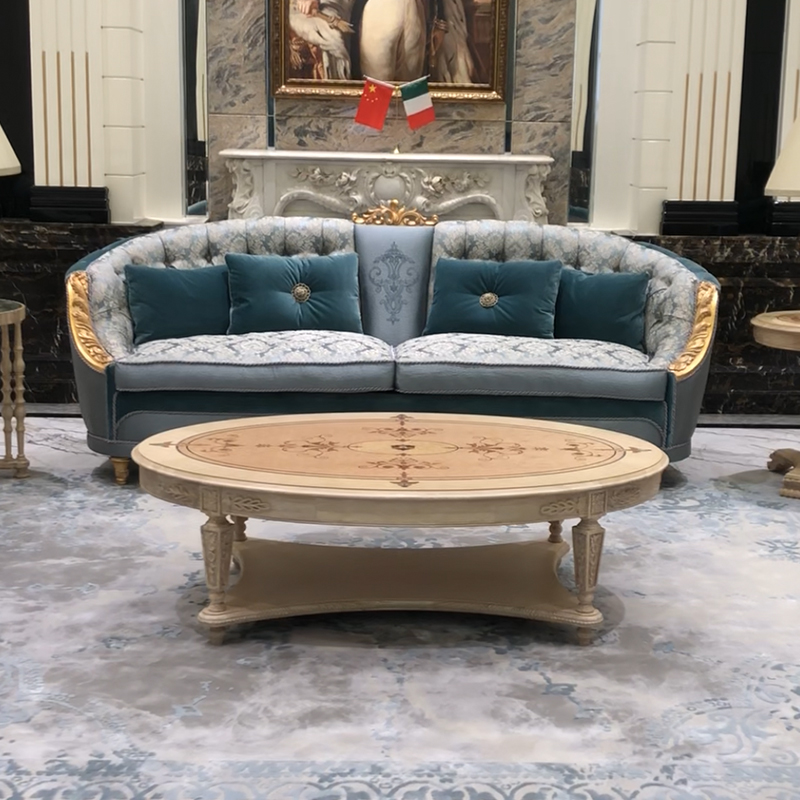 Ash Wood Antique Oval Shaped Living Room Coffee Table
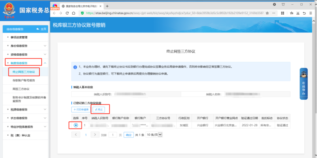 二、制度信息报告—终止网签三方协议先点击【打印】(可以不打出来),再点击【终止协议】。
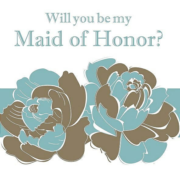 Will You Be My Maid of Honor Card - 2 Color Flowers in Antique Gold & Seaside
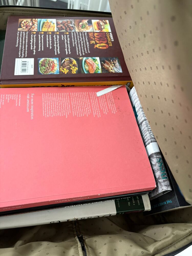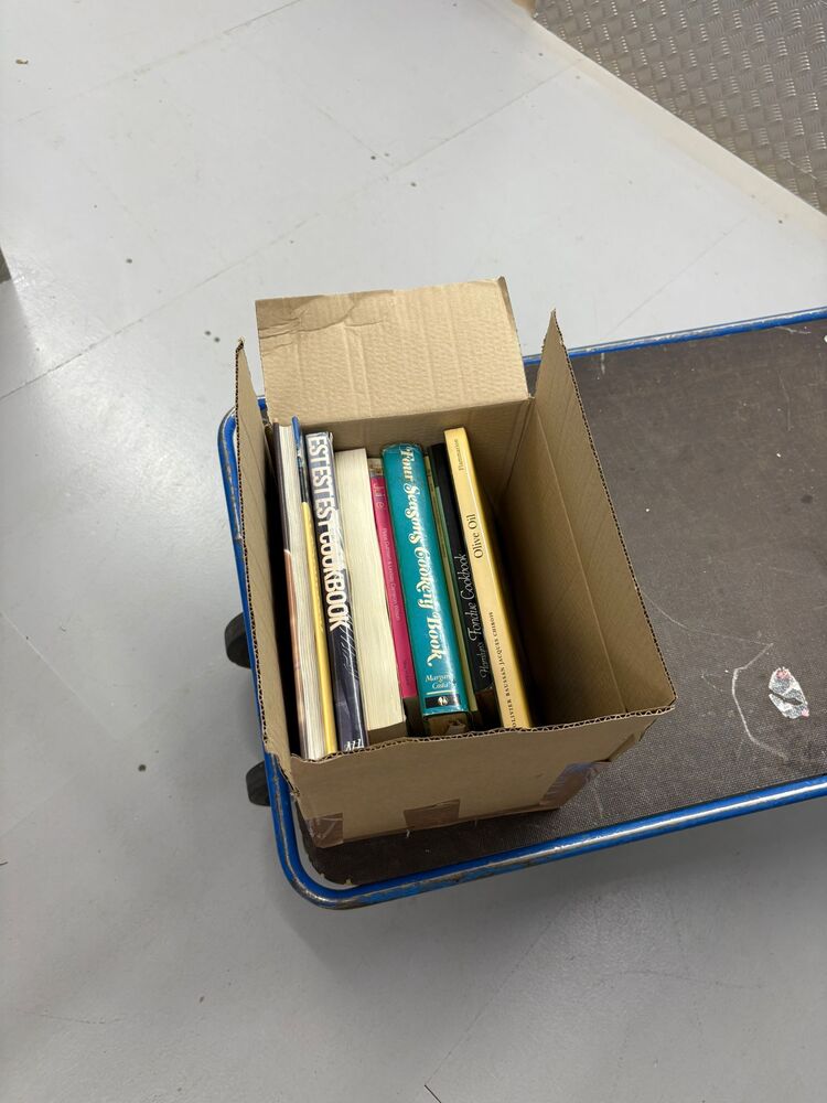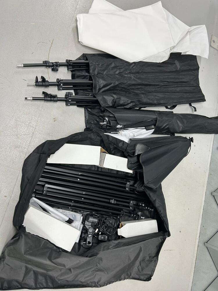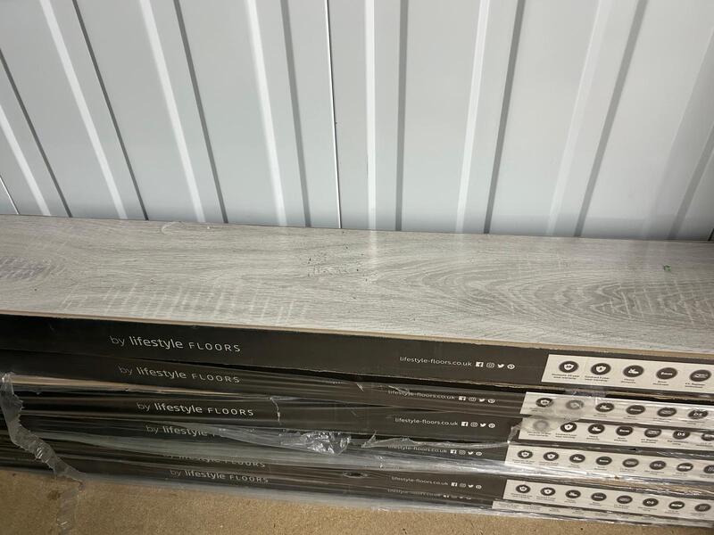 Various household items, including garden furniture. Photography lights, laminate flooring, display cabinets, boxes of books/cd's

====================

[Task brief]:
Give again, word for word, only the lines from the line containing "Will You Be" through the last line above, both included; leave the pictures out.

[Task solution]:
 Will You Be My Maid of Honor Card - 2 Color Flowers in Antique Gold & Seaside
 Various household items, including garden furniture. Photography lights, laminate flooring, display cabinets, boxes of books/cd's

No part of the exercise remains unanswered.